Can iPhones predict your happiness?


Old-school generation iPhone 4s (Image from

Well, it’s here. The iPhone 6. And suddenly, predictably, everyone with an iPhone 5s or lower feels inadequate. Sales for the iPhone 6 are predicted to be greater than iPhone sales ever before. Someone I went to college with posted on Facebook yesterday, “The iPhone 6. A piece of s!%t compared to the iPhone 7.” He posted the same thing when the iPhone 5 came out a few years back. His post is funny precisely because it captures the sentiment of the technological version of “keeping up with the Joneses.” It says that people are looking to the next cool device already.

The iPhone is not the first device or product marketed to have such a reaction on consumers. Other devices in the tech world and the fashion world, in particular, seem to rely on this notion of being up to date and “en vogue,” if you will.

So, Apple is simply capitalizing on a pattern that seems to be part of the human condition and that other companies also capitalize on to, well, make capital. But what is it that makes people so eager to give up the devices or clothes they’re currently using or wearing, most likely something they were perfectly satisfied with, and clamor to get the newest and latest?

It could be something social psychologists call affective forecasting. Affective forecasting is the ability to predict how we will feel in the future. It’s essentially a forecast for our emotions. And we all know how reliable weather forecasts are once they’re more than a few days out. Not surprisingly, people are notoriously bad at predicting how they’ll feel. It’s true for positive and negative emotions. People generally overestimate how angry or upset and how excited or happy they’ll feel when X happens. Psychologists think that this miscalibration happens for a number of reasons (to learn more, check out Dan Gilbert’s and Tim Wilson’s pages), including one explanation that I’d like to focus on: a happiness baseline.

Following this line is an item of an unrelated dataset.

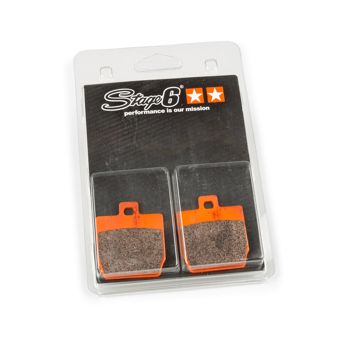 Bromsbelägg Stage6 Sport Yamaha Aerox / Neo’s resp. MBK Nitro / Ovetto och många fler. Utmärkt valuta för pengarna organiska SPORT-bromsbelägg från Stage6. Dynorna utvecklades i första hand för stadstrafik och dagligt bruk och garanterar lång livslängd och optimal stoppkraft.De kraftfulla och mångsidiga bromsbeläggen ger märkbart förbättrad bromsprestanda redan från början, bromsbeläggen behöver inte värmas upp för att leverera optimal prestanda. Bra val för att få din tvåhjuling till ett snabbt stopp även i höga hastigheter och under svåra förhållanden.För optimal bromseffektivitet rekommenderar vi att du alltid byter de främre och bakre bromsbeläggen samtidigt, regelbundet luftar bromssystemet och använder ny bromsvätska.För sportig ridning och racing rekommenderar vi Stage6 Racing pads.Bromsbeläggen liknar Stage6 SPORT Yamaha Aerox / Neos bromsbelägg, men har ett extra hål i toppen. Säljes i par Material: Ekologiskt Användning: Racing Mått: ± 39,7 x 54 x 6,3 mm

Everyone you know, yourself included, has a baseline happiness level or a set point [1,2]. Sure, it fluctuates occasionally, and there are certainly days when you’re happier than others, but most of the time our happiness level falls around our own particular set point. While this is good news for people who are feeling crappy, it doesn’t bode well for people who attempt to alter their happiness with products.

In other words, people who think that the latest iPhone will make them happier than they’ve ever been might be right…for a few days or weeks. After that, they’re likely to revert back to their baseline and feel the same way they did with the iPhone 5 or their Android phone or even their Blackberry. Well, maybe not the Blackberry. RIP Blackberry phones. But I digress. Most people fail to notice these patterns about themselves. They don’t learn from their mistakes, so even though purchasing the iPhone 5s only temporarily elevated their happiness from when they had the iPhone 4, these same people will likely be just as eager to obtain their very own iPhone 6 for the very same reasons.

Maybe it’s because people are eternal optimists. Maybe it’s because we’re victims of advertising. Or maybe we don’t know ourselves as much as we think we do. So before you upgrade to the newest and latest, check in with yourself and ask why. Remember, money can’t buy happiness.


Posted by Jen


[1] Diener, E., Suh, E.M., Lucas, R.E., & Smith, H.L. (1999). Subjective well-being: Three decades of progress. Psychological Bulletin, 125, 276-302.

[2] Lykken, D. & Tellegen, A. (1996). Happiness is a stochastic phenomenon. Psychological Science, 7, 186-189.